═══ INFORMATION PROVIDED

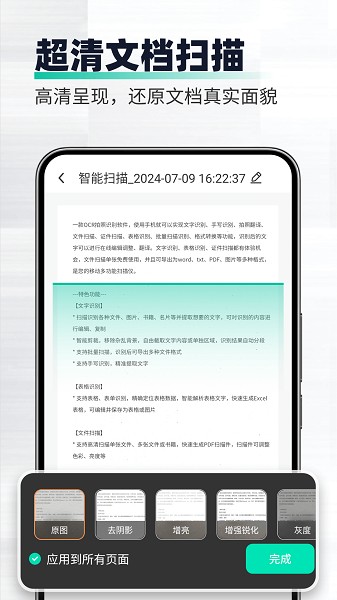 2、利用先进的AI算法,确保每次扫描都能生成高质量的图像,就算复杂的表格或带有水印的文件也能清晰还原。
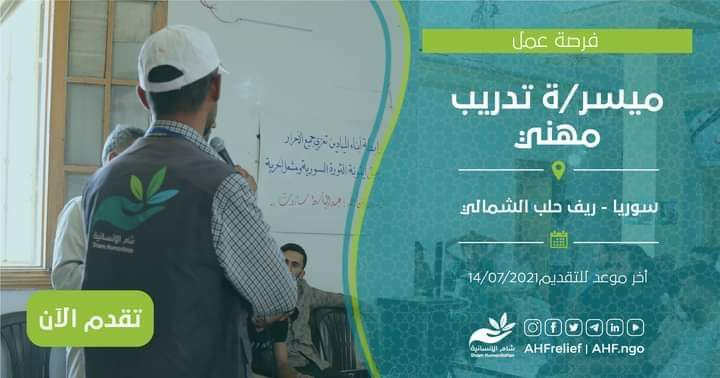 - خبرة لا تقل عن سنتين في عمل المؤسسات الإنسانية.
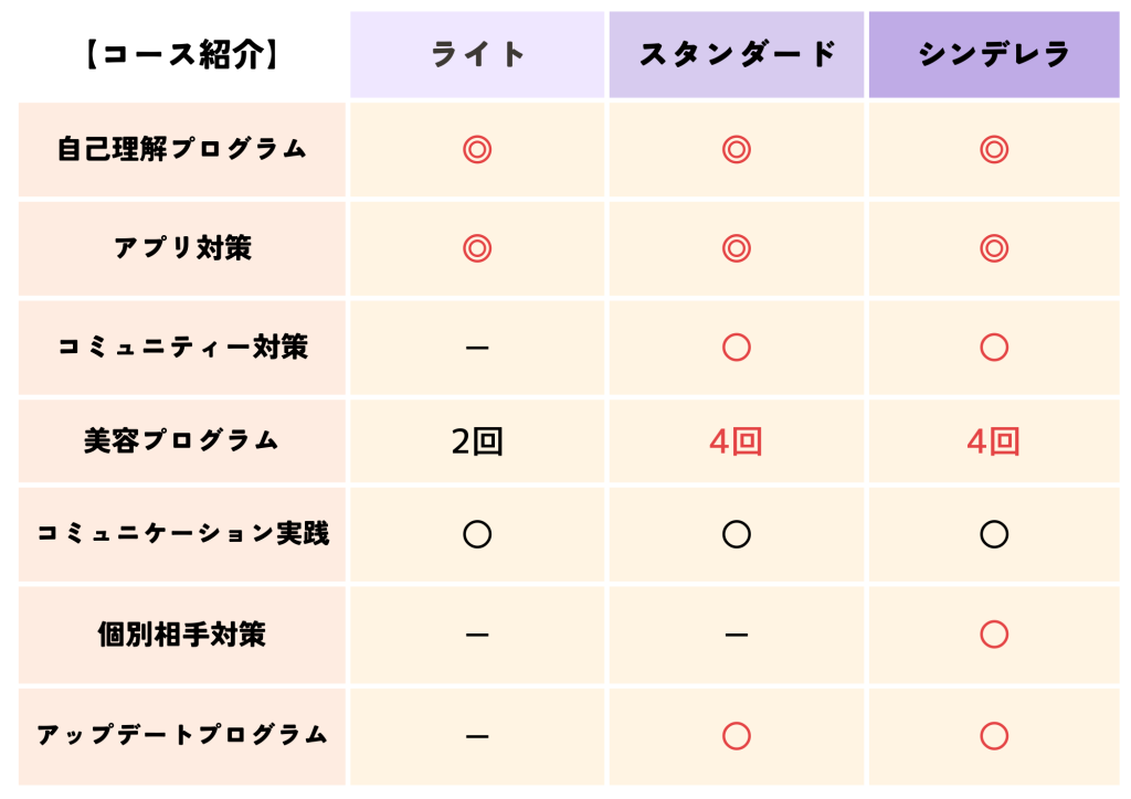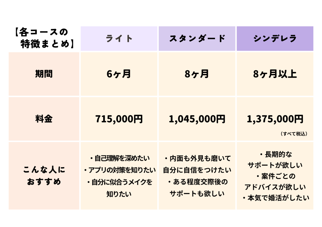 それぞれのコースで提供されるサービス内容や期間が異なるため、自分に最適なコースを選択することが重要です。
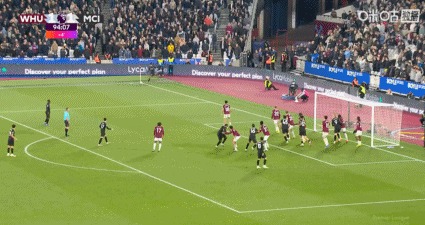 直播吧03月15日訊 英超曼城客戰(zhàn)西漢姆聯(lián),第94分鐘,曼城角球進攻引起禁區(qū)混戰(zhàn),格伊后點起腳射門打高!
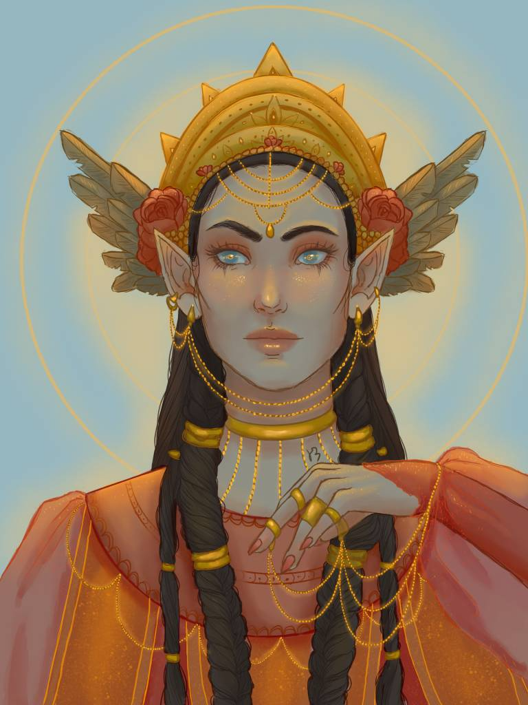 Gilris is a powerful angel in service to Beld. She was sent to the Coast of Starlight to await the arrival of Sylvanion and his Elves, help them settle the region, and guide them how to thrive. However, she and Sylvanion ended up falling in love and were married in his new realm. Since their marriage, she has also been the Queen of Fangardh. Having lived in Fangardh for several millennia, and being an angel herself, Gilris is counted amongst the wisest of all beings in the World and has several children.
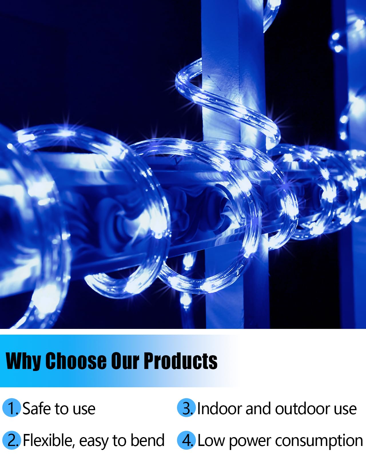 Q: What safety features do these Rope Lights include?A: These Rope Lights come with a UL-certified power supply and a built-in fuse surge protector, ensuring safe usage. It is recommended to securely hang or wrap them with screws and clamps during installation.
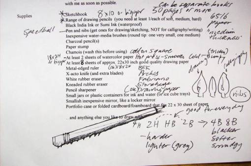 My first drawing class with Claire Cowie was inspirational and lofty-sounding. The syllabus presented things that I haven’t really explored. The kind of exploration that requires the headlamp and the nerves of steel. I am preparing myself for my clumsiness. I don’t think I am as good at drawing as the pictures I imagine I am going to create, but aim high. I purchased a sketchbook. My first one in years. The white pages, the fresh start, the encourangement of a teacher, all that is bound to give me the freedom to flourish. Claire emphasized how art and school are sometimes oppositional. Art is spontaneous and its origin is within. School is structured and compulsory and comes from without.
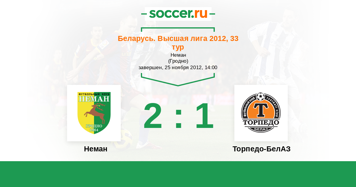 Беларусь. Высшая лига 12.08.2012 Торпедо-БелАЗ Логотип футбольный клуб Торпедо-БелАЗ (Жодино) 1:5 Логотип футбольный клуб Неман (Гродно) Неман
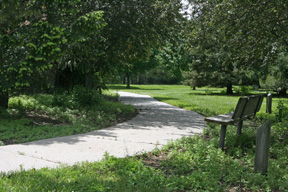 The Franklin-Cotterell Greens, more commonly known as the North Bend Arboretum, lie on the grounds of North Bend Central high school in the northwest corner of North Bend. It was begun in 1991 and now features over 1,000 trees and shrubs of over 115 different species and cultivars. With the landscaping and trail system already in place, the Arboretum was a natural place to begin a city-wide trail system. Until 2009 most of the trails in the North Bend Arboretum were grass, dirt or woodchips. Now, the goal of raising funds to cover the mile-long trail with pavement is about half compelte. The pavement is eight feet wide, giving walkers plenty of room to walk side by side and bikers room enough to pass slower moving traffic. The pavement also provides greater accessibility to disabled citizens and give people a consistent, clean surface to walk or jog on. During the summer of 2009 the southern loop around the football field was completed, thanks in part to a large donation by B&E Construction. That completed about half of the planned paved trails through the arboretum. Still in the plans are a loop to the north, around the practice football fields. Phase one of the paving project was completed and dedicated in August 2007 and connects the North Bend Central football stadium and track to the parking lot. Click here to read the Eagle's coverage of the dedication and opening of phase one. Also already complete is an 880-foot loop in the southeast corner of the Arboretum which connects to nearby Birchwood Manor. Help still needed Help is still needed to turn this vision into a reality. To make a tax deductible donation, please send your name and address along with your donation to the address below. If you would like to dedicate your donation in memory of a loved one, please included that information as well. Donations can be sent to: North Bend Community Arboretum
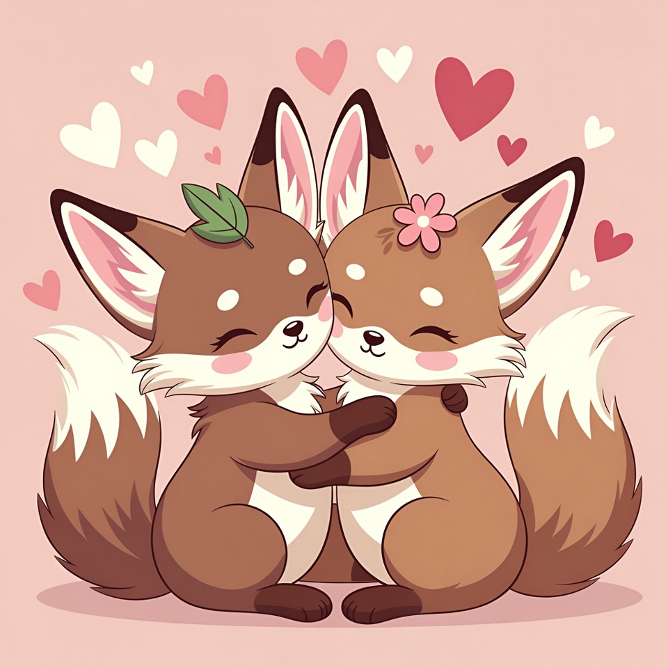 Two adorable cartoon foxes with big eyes and fluffy tails embrace each other lovingly. One fox wears a small flower on its head, and the other has a green leaf. Surrounded by floating pink and white hearts on a soft pink background.
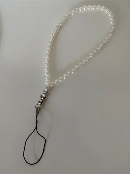 Mobile Phone Beaded Wrist Strap White Pearl Wrist Wrap Lightweight Handmade
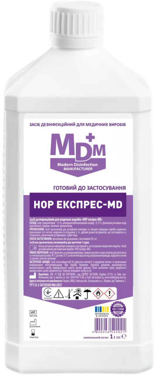 Засіб дезінфекційний для медичних виробів НОР експрес-MD - готовий до застосування дезінфекційний засіб у вигляді прозорої безбарвної або забарвленої рідини із характерним запахом спирту. Має виражену бактерицидну, віруліцидну, фунгіцидну та туберкулоцидну дію. Підходить для швидкої дезінфекції медичних виробів, у тому числі дрібних інструментів, стоматологічних наконечників, бормашин, турбін та поверхонь медичного обладнання. Не пошкоджує більшість матеріалів, не фіксує білкові забруднення, швидко висихає та не потребує змивання (окрім випадків контакту зі слизовими оболонками). Має пролонговану антимікробну дію до 3 годин.
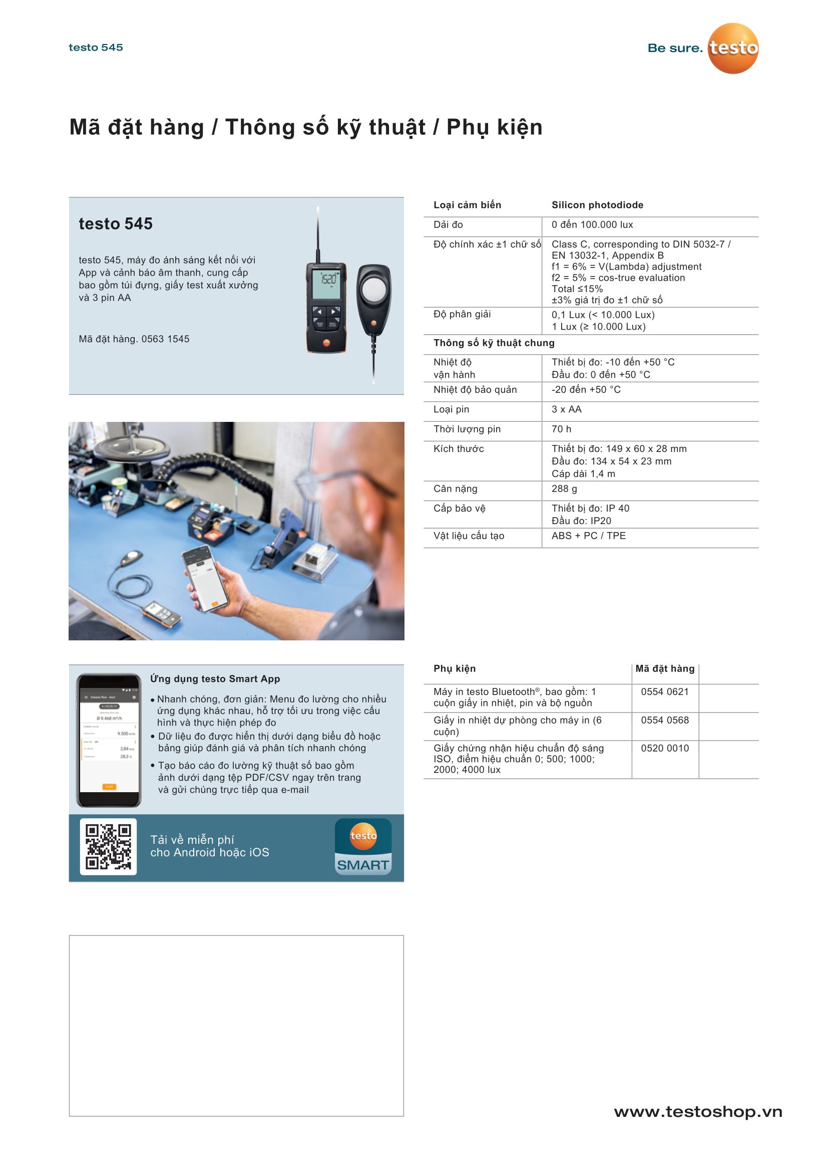 - Giá Thiết bị đo cường độ sáng Testo 545 0563 1545 rẻ nhất trong ngành công nghiệp MRO

══════

YOUR INSTRUCTIONS: Keep to the stretch from the line containing "- خبرة لا تقل" through the line containing "直播吧03月15日訊 英超曼", both ends included, and copy it exactly from the listing above, minus the pictures.

RESULT OF THE EXERCISE:
 - خبرة لا تقل عن سنتين في عمل المؤسسات الإنسانية.
 それぞれのコースで提供されるサービス内容や期間が異なるため、自分に最適なコースを選択することが重要です。
 直播吧03月15日訊 英超曼城客戰(zhàn)西漢姆聯(lián),第94分鐘,曼城角球進攻引起禁區(qū)混戰(zhàn),格伊后點起腳射門打高!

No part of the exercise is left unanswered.